51 S.E. 411, 123 Ga. 353, 1905 Ga. LEXIS 465
CourtSupreme Court of Georgia
DecidedJune 16, 1905
StatusPublished
Cited by19 cases

This text of 51 S.E. 411 (White v. Southern Railway Co.) is published on Counsel Stack Legal Research, covering Supreme Court of Georgia primary law. Counsel Stack provides free access to over 12 million legal documents including statutes, case law, regulations, and constitutions.

Bluebook
White v. Southern Railway Co., 51 S.E. 411, 123 Ga. 353, 1905 Ga. LEXIS 465 (Ga. 1905).

Opinion

Evans, J.

(After stating the facts.) 1. No harm resulted to the plaintiff from the refusal of the trial judge to allow the amendment to her petition, the allegations of ‘ which needed no amplification. The only new matter sought to be introduced by way of amendment was the assertion that the company owed to her son the duty of providing a safe place at which he could alight; that it failed to observe this duty is not alleged.
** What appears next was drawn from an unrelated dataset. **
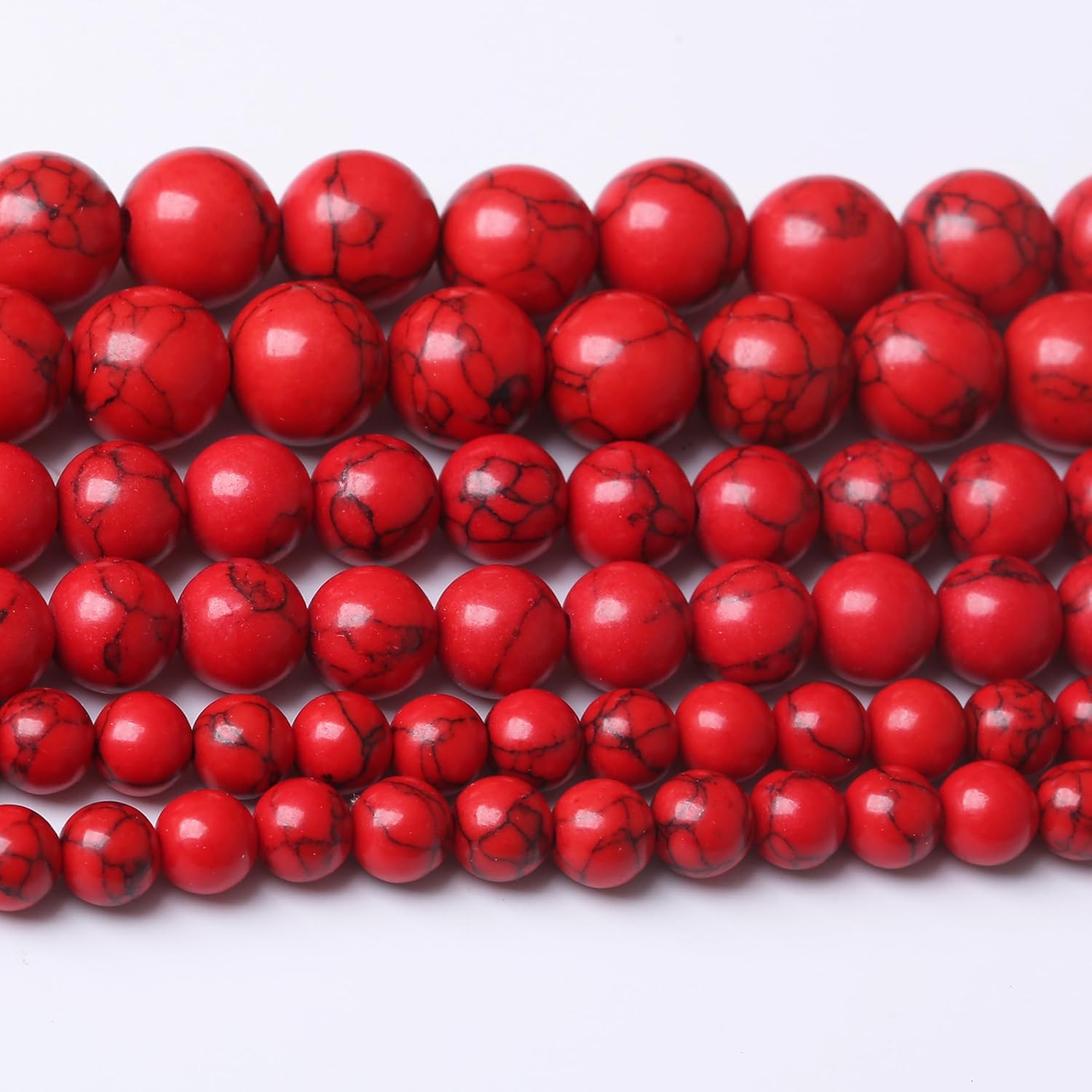 Natural Red Turquoise Stone Beads Gemstone Round Crystal Energy Jade Beads Stone Beads for Jewelry Making DIY Bracelet Necklace Jewelry Making 1 Strand 15.5inch 60PCS 6MM

Even regarding the company’s coal ehute as a regular station at which it received and discharged passengers, its failure to provide a place where passengers could safely alight in no way brought about or contributed to the injury received by him. On the contrary, the plaintiff alleges that the train was negligently started before her son was given an opportunity of leaving it in safety, and that his injury was caused by the negligent act of the conductor in directing him to get off the train while it was in motion. The allegation that the company owed him the duty of furnishing a safe place at which he could alight was wholly irrelevant and imihaterial.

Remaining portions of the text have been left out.